[[ Raw data open ]]

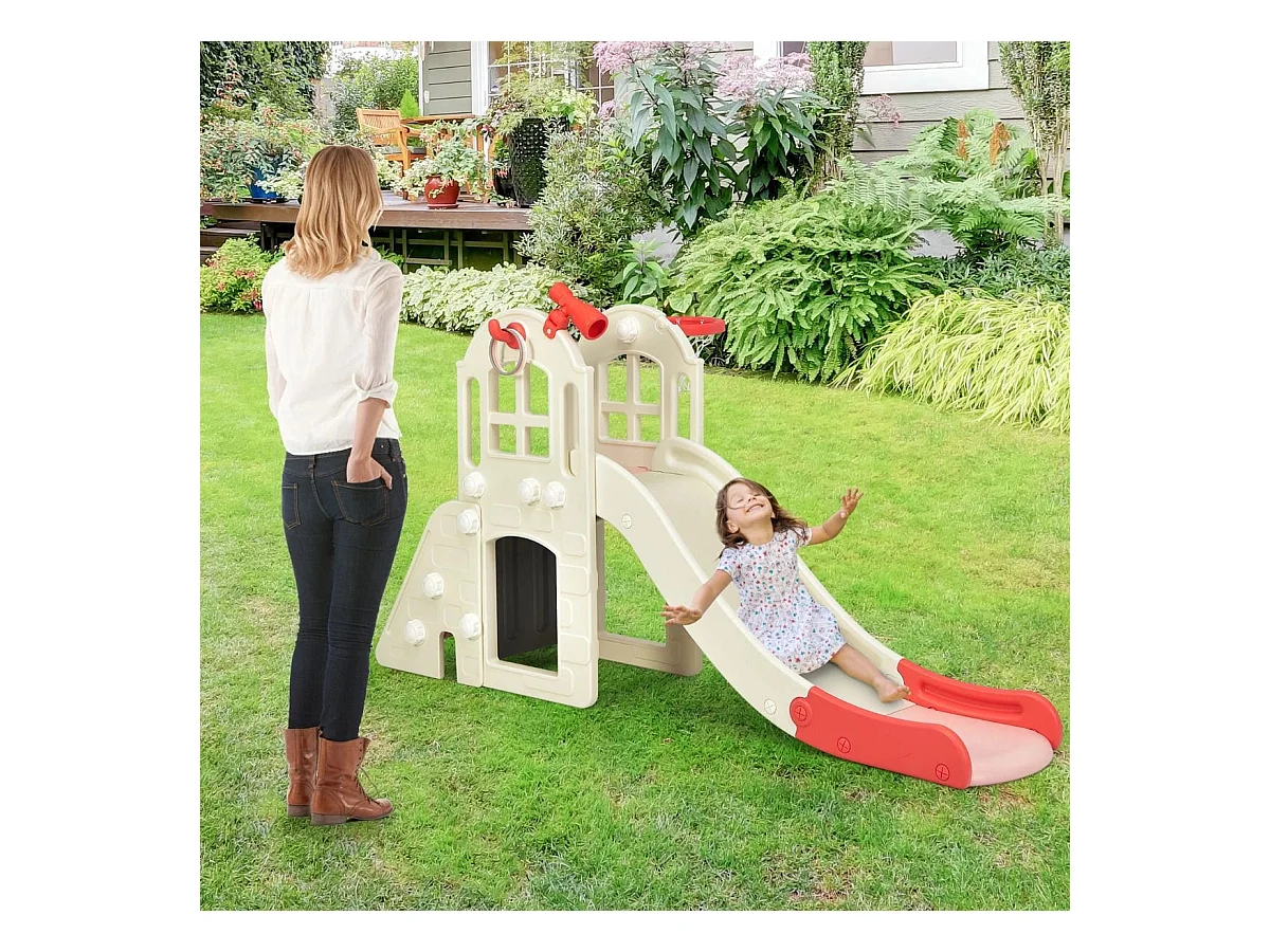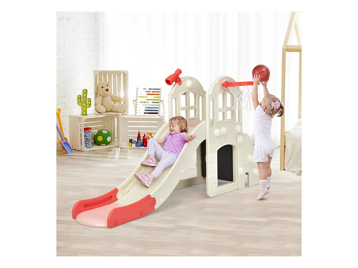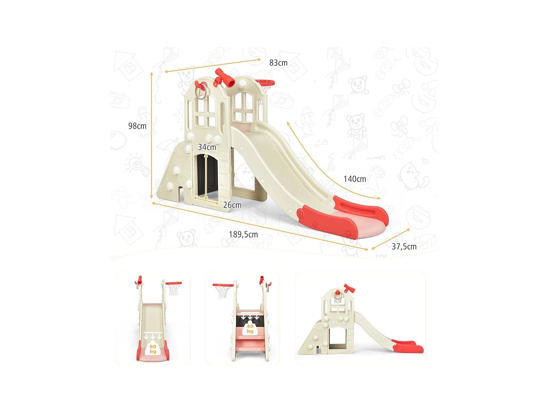 Kinderrutsche Kletterrutsche mit Basketballkorb Ball Ringwurf und Teleskop 189,5 x 83 x 98 cm Rosa
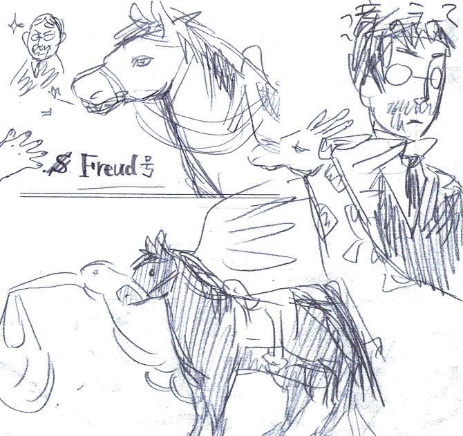 ゼミ発表終了記念に。レジュメをまとめていて煮詰まった時(しょっちゅうでしたが)描いたものです。この症例は当分忘れないです。忘れたくても忘れられそうにないですね。悩みすぎて夢にまで出てきたくらいなので…。ゼミで失敗したり、あとはケンタウロス=人馬が出てきて相手をしたり、何やってるんだか、といった夢でした。
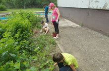 Трудовые отряды школьников ежедневно работают на территории школы под руководством учителя биологии Шумкиной Н.П.: перекапывают грядки, сажают новые цветы, поливают, пропалывают, убираются на территории школы.
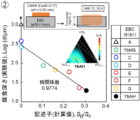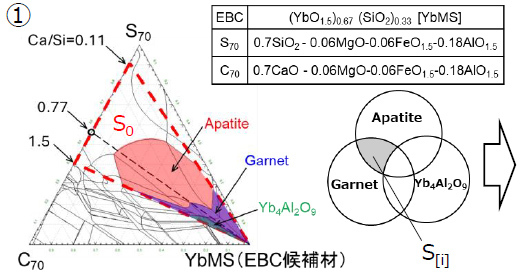 ①EBC候補材-CMASの擬三元系計算状態図中において、EBCの腐食度合いが反応生成相(Garnet、Apatite、Yb4Al2O9)の存在領域の割合に依存することを見出し、記述子S[i]/S0を提案

[[ Raw data closed ]]

Exercise brief: Nothing but the lines from the line with "ゼミ発表終了記念に。レジュメ" through the last line of the listing above should be repeated, and pictures should be left out.

Final answer:
 ゼミ発表終了記念に。レジュメをまとめていて煮詰まった時(しょっちゅうでしたが)描いたものです。この症例は当分忘れないです。忘れたくても忘れられそうにないですね。悩みすぎて夢にまで出てきたくらいなので…。ゼミで失敗したり、あとはケンタウロス=人馬が出てきて相手をしたり、何やってるんだか、といった夢でした。
 Трудовые отряды школьников ежедневно работают на территории школы под руководством учителя биологии Шумкиной Н.П.: перекапывают грядки, сажают новые цветы, поливают, пропалывают, убираются на территории школы.
 ①EBC候補材-CMASの擬三元系計算状態図中において、EBCの腐食度合いが反応生成相(Garnet、Apatite、Yb4Al2O9)の存在領域の割合に依存することを見出し、記述子S[i]/S0を提案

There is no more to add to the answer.